The subgroup RECORDS BY EDITORIAL ERA is organized in series reflecting the tenures of each of the chief MED editors. The series are: Moore-Knott Era, 1930-1945, Kurath Era, 1945-1961, Kuhn Era, 1961-1983, and Lewis Era, 1982-2001 (and later). Each of the series includes subseries relating to content: correspondence, administration and history, editorial matters. Additional subseries pertain to specific matters under particular editors such as the reading program, bibliography, production matters, and non-MED matters.
Effort was made to retain the arrangement and the order of the original materials insofar as that was possible, but inevitably for the sake of consistency from one editorial era to another we had to adapt the arrangement to the emphases in each era. Correspondence, alphabetically arranged, always appears as the first category for all eras. This includes the chief editor's MED and professional, scholarly, and academic correspondence (including intra-university correspondence), both to and from him, with notes on the main correspondents, the subjects of the letters, and who else besides the chief editor was involved in answering letters. Each correspondent's letters are arranged chronologically, from earliest to latest. The only exception to this arrangement is in the Moore and Knott correspondence, where some letters were pasted together for filing in reverse chronological order, as was the custom in the 1930s and 1940s, and these have been kept as they were originally, with the latest on top.
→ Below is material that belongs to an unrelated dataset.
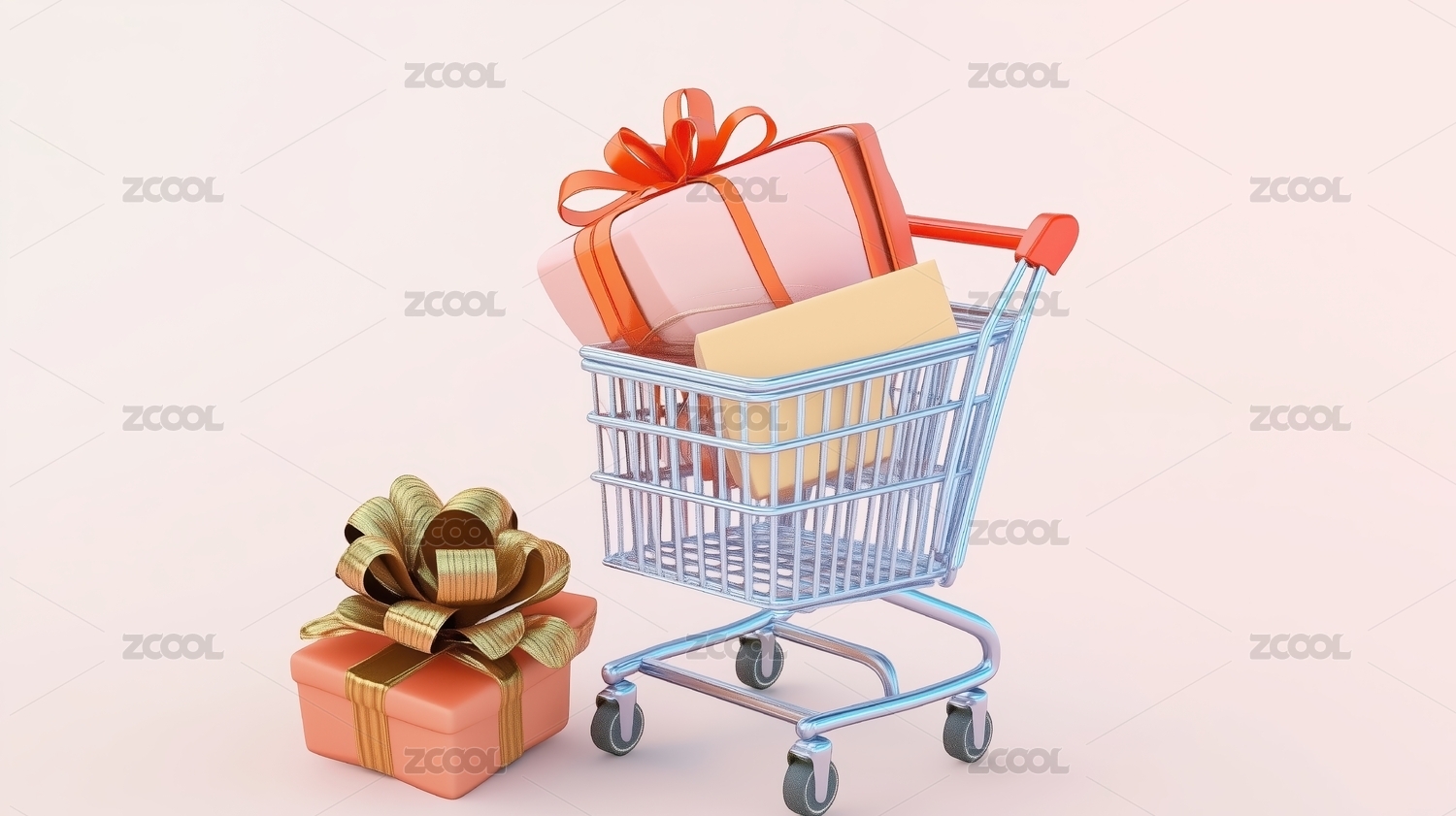 3D渲染的装着礼盒购物的购物车促销插图

The correspondence is always followed by administrative records and historical files, alphabetically arranged, which contain information on budget requests and staff salaries by year, the minutes of the various committees either overseeing or participating in the work of the MED (chiefly the Committee on Dictionaries from 1930 to 1977, the MED Council and various internal committees thereafter), reports (both annual and miscellaneous), external financial support and grant applications, hiring of editors, ordering of books for the MED library, equipment inventories, statements of account, and the like.
Then follow files and records on editorial matters, also alphabetically arranged: these include such topics as bibliography, dialects, editing progress, editors' guides and style books, papers and articles on various subjects pertaining to the MED, and reviews after publishing began.
Following these fixed categories appear, where appropriate according to the principal activities of each era, some separate categories: for example, for the reading program (which was an especially important activity in Moore's era, to a lesser extent in Knott's), for the bibliography (which was in the process of being established in Kurath's era), and for production matters (which were particularly extensive in the changeover from typewriters to computers in Lewis's era).
Finally, for all but one of the editorial eras, there is a category called non- MED materials, which contains files on the EMED (these are particularly extensive during the Moore and Knott eras), correspondence other than that pertaining to the MED if it is extensive, research and editorial matters not directly related to work on the MED, and occasional files on graduate and undergraduate class matters and civic affairs.